Pemeriksaan batin dapat membantu kita makin sadar akan kebaikan Allah dan membangkitkan penyesalan yang tulus atas dosa (lihat PUTL 26). Pemeriksaan batin sebaiknya diadakan setiap hari menjelang tidur, atau pada saat-saat khusus: rekoleksi, retret, Perayaan Ekaristi dan lain-lain.
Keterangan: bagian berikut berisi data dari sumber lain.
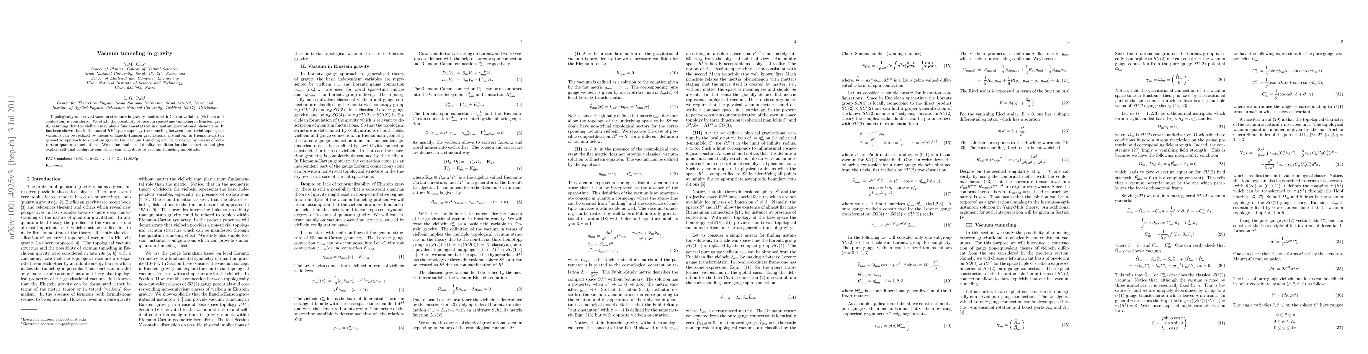 This paper explores vacuum tunneling in gravity models using Riemann-Cartan geometry, focusing on the role of vielbein and contortion. It demonstrates that tunneling between topological vacuums in Einstein gravity can occur via Eguchi-Hanson instantons and contortion fluctuations, defining a double self-duality condition for the contortion to facilitate this tunneling.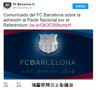 2017年5月6日,巴萨官推宣布支持“国民公投条约”,支持加泰人投票决定加泰罗尼亚的政治前途

Inti hidup kristen adalah bertobat: meninggalkan dosa dan kegelapan, lalu hidup sebagai anak-anak terang (lihat Ef 5:8). Orang yang bertobat adalah orang yang dengan tulus menyadari kelemahan dan kedosaannya, dan dengan rindu mendambakan perdamaian kembali dengan Allah dan dengan sesama warga, seperti anak hilang yang kembali kepada bapanya yang penuh kasih (lihat Luk 15:11-32). Yesus sendiri bersabda, "Akan ada suka-cita besar di surga karena satu orang berdosa yang bertobat" (Luk 15:7). Tobat berpuncak pada pengakuan dan pengampunan. Inilah yang disebut rekonsiliasi atau perdamaian kembali. Perdamaian ini merupakan peristiwa suka-cita yang membawa penyegaran dan hidup baru, karena dengan itu Allah sendiri mendamaikan orang berdosa dengan diri-Nya (lihat 2Kor 5:18).
Mengaku dosa di hadapan imam merupakan perwujudan dari tobat. Dengan mengaku dosa, orang berdosa kembali menjalin ikatan yang baik dengan Allah dan sesama warga Gereja.
Sehubungan dengan pengakuan dosa ini, Gereja juga mempunyai kebiasaan Ibadat Tobat Jemaat, yang dimaksudkan untuk membangun dan mengembangkan sikap tobat dalam diri umat.